=== EXERCISE INSTRUCTIONS ===
The expected answer is the data below, printed verbatim without its pictures.
[MATERIAL FOR THIS TASK — start]
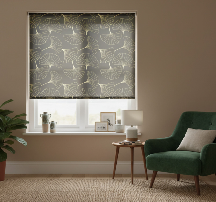 Persiana enrollable moderno hojas de ginkgo oro carbón
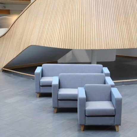 Dorchester Armchair combines a compact footprint with full upholstery for welcoming reception seating. Use solo or with the matching two- and three-seat sofas to craft a cohesive, modern look in reception and breakout spaces. Key specs: seat width 540mm, seat height 440mm, overall 785mm W x 560mm D x 830mm H. Lead time 2 weeks; standard black oak legs, chrome legs available.
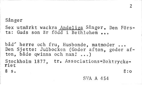 //// 2 //// Sånger //// Sex utmärkt wackra Andel iga Sånger. Den Första: Guds son är född i Bethlehem . »* //// båd" herre och fru, Husbonde, matmoder ... Den Sjette: Julbocken (Göder afton, göder afton, både qwinna och mani ,.») //// Stockholm 1877, tr» Associations-Boktryckeriet //// 8 s. 8 :o //// SVA A 4 54 ////
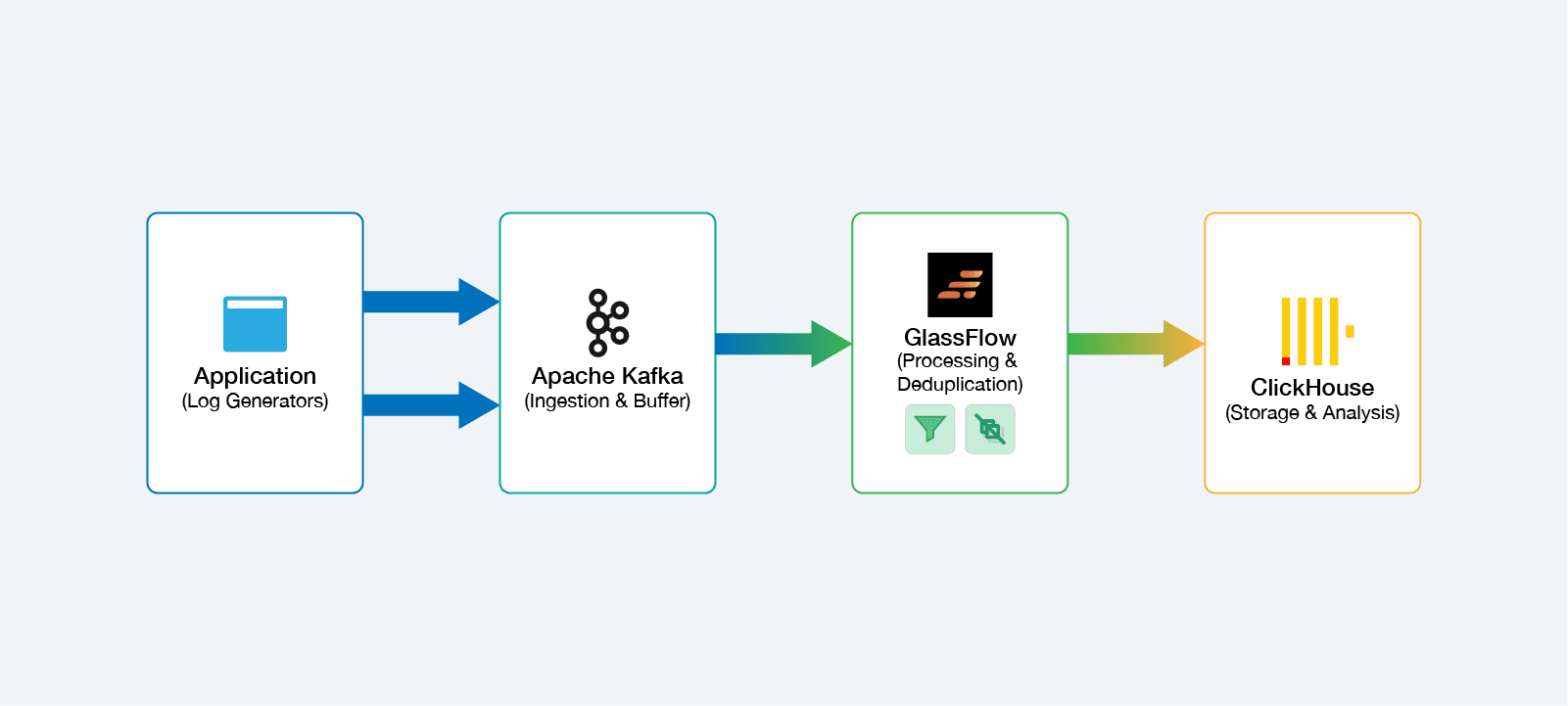 GlassFlow inserts itself upstream of ClickHouse to solve these problems before the data persists.
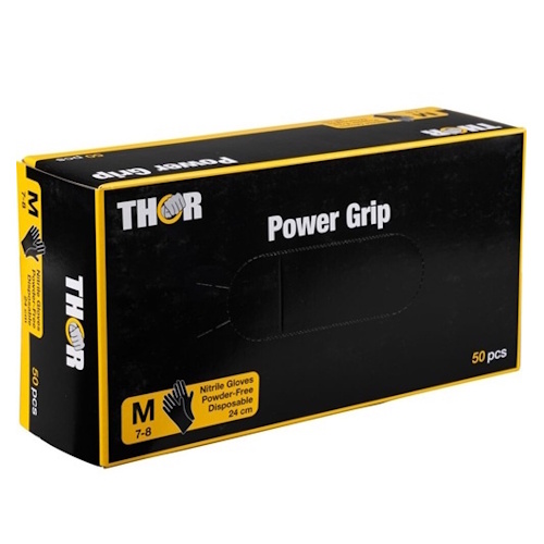 Abena THOR Power Grip nitrilinės vienkartinės pirštinės, labai stiprios, 6.5g, juodos (50vnt)
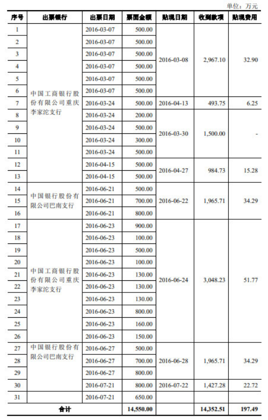 四方新材报告期内存在违规票据融资共31笔,发生额为1.46亿元。
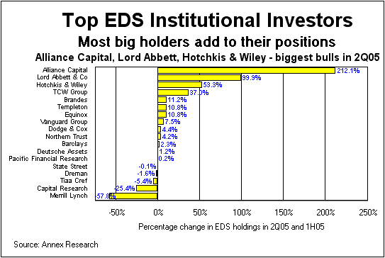 While we leave the Merrill-EDS break-up for the authorities to sort out, most of EDS' other institutional owners stayed loyal to the beleaguered company. Several of them added huge (multi-million share) amounts of stock in the second quarter their holdings. Alliance Capital, for example, bought 15.5 million shares. Hotchkis & Wiley put another 10.9 million shares into its already lofty EDS portfolio. Northern Trust, secured 7 million additional shares in the second period. And so on...
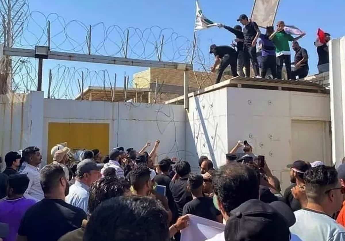 وأظهرت سلسلة من مقاطع الفيديو التي نُشرت على مجموعة تليغرام ، تجمع الناس حول السفارة حوالي الساعة الواحدة صباح يوم الخميس وهم يهتفون بشعارات مؤيدة للصدر ويقتحمون مجمع السفارة بعد حوالي ساعة.
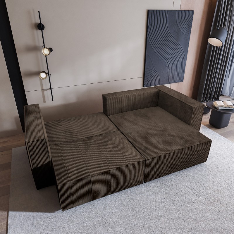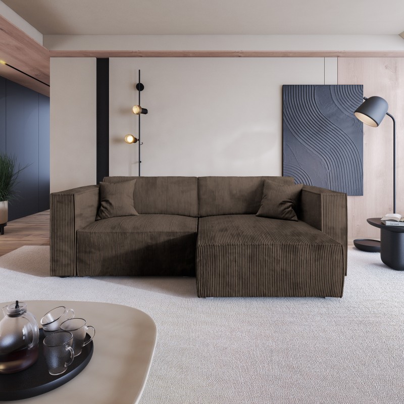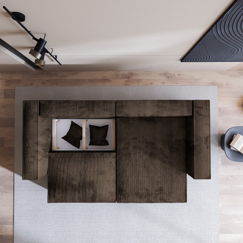Masseno Ecksofa NERIO mit Schlaffunktion und Bettkasten, Ausziehbares Bettsofa - Braun, POSO 06
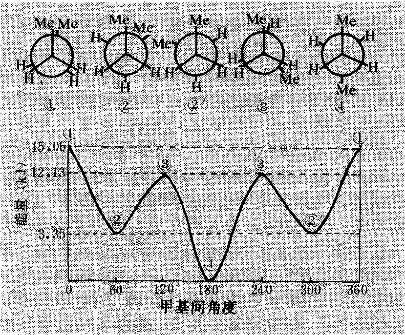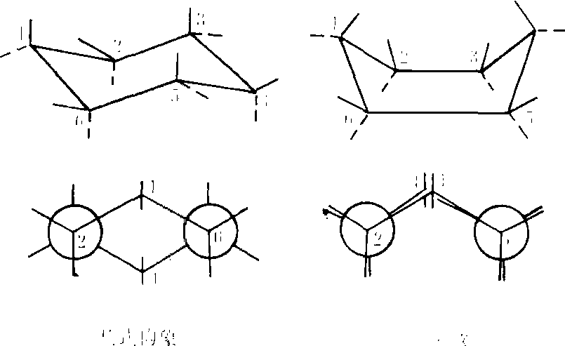 图1 丁烷的各种构象及其能量 ❷环己烷及其杂环的同型化合物,主要有椅式和船式两种构象。椅式构象具有最多的交叉组合,因为这样非键合原子或原子团之间的相互排斥作用最小,而成为优势构象;船式构象由于原子或原子团之间的相互排斥作用较大,不稳定(图2)。杀虫剂六六六中的有
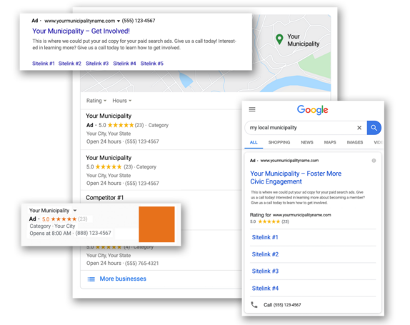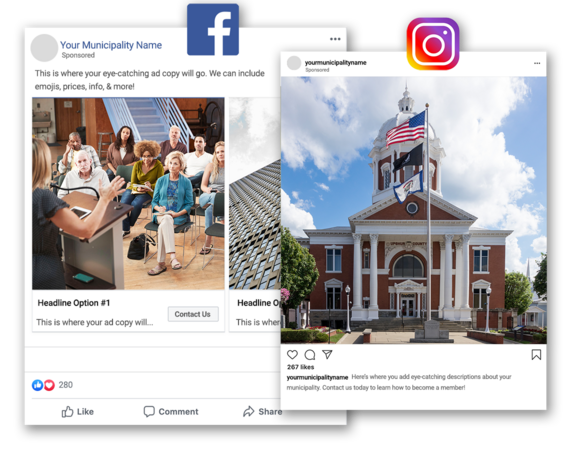 Utilizing Facebook’s advertising platform, we can tap into many different audiences of people on Facebook and Instagram. Social Media advertising has the unique ability to not only target the right Government customer in the area of your choice, but it also allows social interaction between a customer and the Government Entity. People can comment, like, and share your post with other friends and family. Facebook also has the ability to use video and image ads to engage potential customers. Your customers are Facebook and Instagram, and we’ll use these platforms to reach them directly with your messaging.
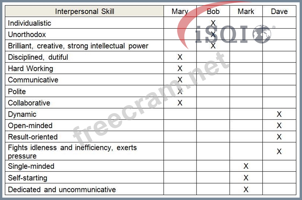 Your test team consists of four members (Mary, Bob, Mark, Dave) with different interpersonal skills.
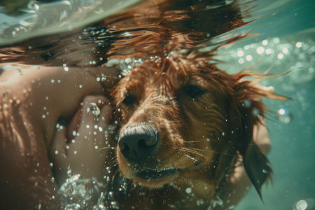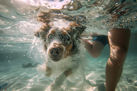 Playful dog and owner diving underwater, enjoying summer splash and fun together in joyful activity
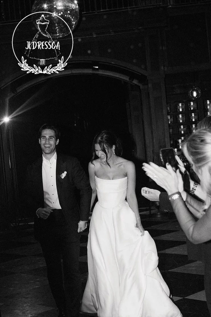 Enhance your bridal look with our Charming Long White Strapless Satin A-Line Wedding Dress. The sleek satin material exudes elegance while the strapless design and A-line silhouette flatter your figure. The daring slit adds a touch of allure to complete your perfect wedding day look.
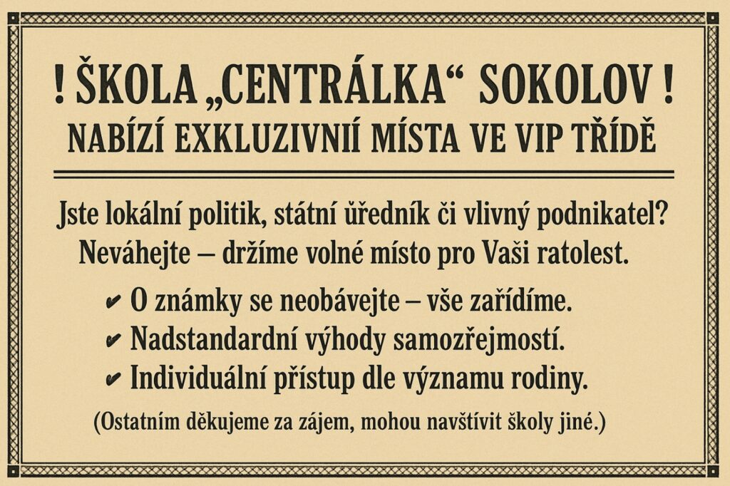 Můj článek o současných poměrech na Základní škole Sokolov, Rokycanova 258 zvané „Centrálka“, kde je ředitelkou Petra Šišková, vzbudil pochopitelně rozruch především v Sokolově, což je pochopitelné. Škola se okamžitě rozhodla jednat a máme tu změnu ve školské radě: místo toho, aby za rodiče ve trojčlenné radě seděla učitelka a podřízená Šiškové, je tu náhle jiná osoba. Nu, co…
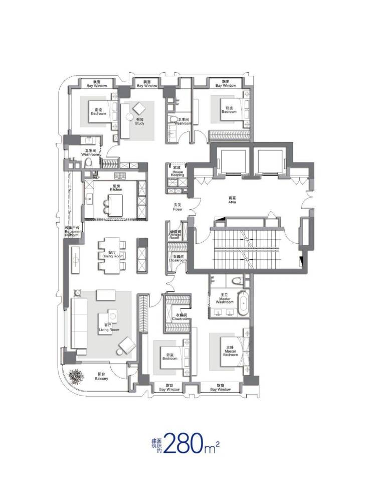 280㎡4+X房:内环内·大师定制艺术·全功能性奢宅;边套270度舒适采光,超大舒适厨房,五房空间尺度、可根据自身需求调整功能;3700-4000万,尊崇功能五房,满足现有市场多孩客户需求,可随时更改室内功能性;客阳台一体,边套270°舒适采光;
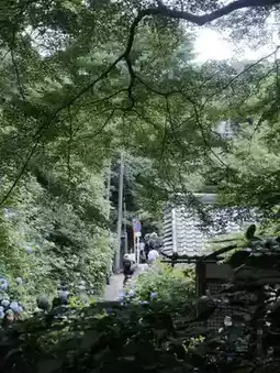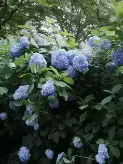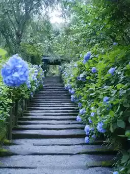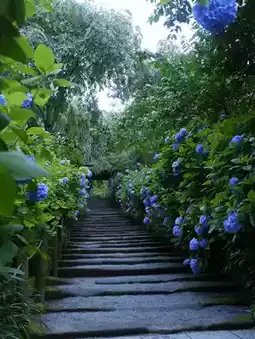 Over 80% of the hydrangeas in the temple are the native 'Hime Ajisai' variety, primarily in blue and purple hues. The color of hydrangea flowers changes with the pH level of the soil: acidic soil produces sky blue flowers, neutral soil yields milky white flowers, and alkaline soil results in red or purple flowers. A must-see is the approach to the temple gate, lined with blooming hydrangeas on both sides.
[MATERIAL FOR THIS TASK — finish]
=== RESULT OF THE TASK ===
 Persiana enrollable moderno hojas de ginkgo oro carbón
 Dorchester Armchair combines a compact footprint with full upholstery for welcoming reception seating. Use solo or with the matching two- and three-seat sofas to craft a cohesive, modern look in reception and breakout spaces. Key specs: seat width 540mm, seat height 440mm, overall 785mm W x 560mm D x 830mm H. Lead time 2 weeks; standard black oak legs, chrome legs available.
 //// 2 //// Sånger //// Sex utmärkt wackra Andel iga Sånger. Den Första: Guds son är född i Bethlehem . »* //// båd" herre och fru, Husbonde, matmoder ... Den Sjette: Julbocken (Göder afton, göder afton, både qwinna och mani ,.») //// Stockholm 1877, tr» Associations-Boktryckeriet //// 8 s. 8 :o //// SVA A 4 54 ////
 GlassFlow inserts itself upstream of ClickHouse to solve these problems before the data persists.
 Abena THOR Power Grip nitrilinės vienkartinės pirštinės, labai stiprios, 6.5g, juodos (50vnt)
 四方新材报告期内存在违规票据融资共31笔,发生额为1.46亿元。
 While we leave the Merrill-EDS break-up for the authorities to sort out, most of EDS' other institutional owners stayed loyal to the beleaguered company. Several of them added huge (multi-million share) amounts of stock in the second quarter their holdings. Alliance Capital, for example, bought 15.5 million shares. Hotchkis & Wiley put another 10.9 million shares into its already lofty EDS portfolio. Northern Trust, secured 7 million additional shares in the second period. And so on...
 وأظهرت سلسلة من مقاطع الفيديو التي نُشرت على مجموعة تليغرام ، تجمع الناس حول السفارة حوالي الساعة الواحدة صباح يوم الخميس وهم يهتفون بشعارات مؤيدة للصدر ويقتحمون مجمع السفارة بعد حوالي ساعة.
Masseno Ecksofa NERIO mit Schlaffunktion und Bettkasten, Ausziehbares Bettsofa - Braun, POSO 06
 图1 丁烷的各种构象及其能量 ❷环己烷及其杂环的同型化合物,主要有椅式和船式两种构象。椅式构象具有最多的交叉组合,因为这样非键合原子或原子团之间的相互排斥作用最小,而成为优势构象;船式构象由于原子或原子团之间的相互排斥作用较大,不稳定(图2)。杀虫剂六六六中的有
 Utilizing Facebook’s advertising platform, we can tap into many different audiences of people on Facebook and Instagram. Social Media advertising has the unique ability to not only target the right Government customer in the area of your choice, but it also allows social interaction between a customer and the Government Entity. People can comment, like, and share your post with other friends and family. Facebook also has the ability to use video and image ads to engage potential customers. Your customers are Facebook and Instagram, and we’ll use these platforms to reach them directly with your messaging.
 Your test team consists of four members (Mary, Bob, Mark, Dave) with different interpersonal skills.
 Playful dog and owner diving underwater, enjoying summer splash and fun together in joyful activity
 Enhance your bridal look with our Charming Long White Strapless Satin A-Line Wedding Dress. The sleek satin material exudes elegance while the strapless design and A-line silhouette flatter your figure. The daring slit adds a touch of allure to complete your perfect wedding day look.
 Můj článek o současných poměrech na Základní škole Sokolov, Rokycanova 258 zvané „Centrálka“, kde je ředitelkou Petra Šišková, vzbudil pochopitelně rozruch především v Sokolově, což je pochopitelné. Škola se okamžitě rozhodla jednat a máme tu změnu ve školské radě: místo toho, aby za rodiče ve trojčlenné radě seděla učitelka a podřízená Šiškové, je tu náhle jiná osoba. Nu, co…
 280㎡4+X房:内环内·大师定制艺术·全功能性奢宅;边套270度舒适采光,超大舒适厨房,五房空间尺度、可根据自身需求调整功能;3700-4000万,尊崇功能五房,满足现有市场多孩客户需求,可随时更改室内功能性;客阳台一体,边套270°舒适采光;
 Over 80% of the hydrangeas in the temple are the native 'Hime Ajisai' variety, primarily in blue and purple hues. The color of hydrangea flowers changes with the pH level of the soil: acidic soil produces sky blue flowers, neutral soil yields milky white flowers, and alkaline soil results in red or purple flowers. A must-see is the approach to the temple gate, lined with blooming hydrangeas on both sides.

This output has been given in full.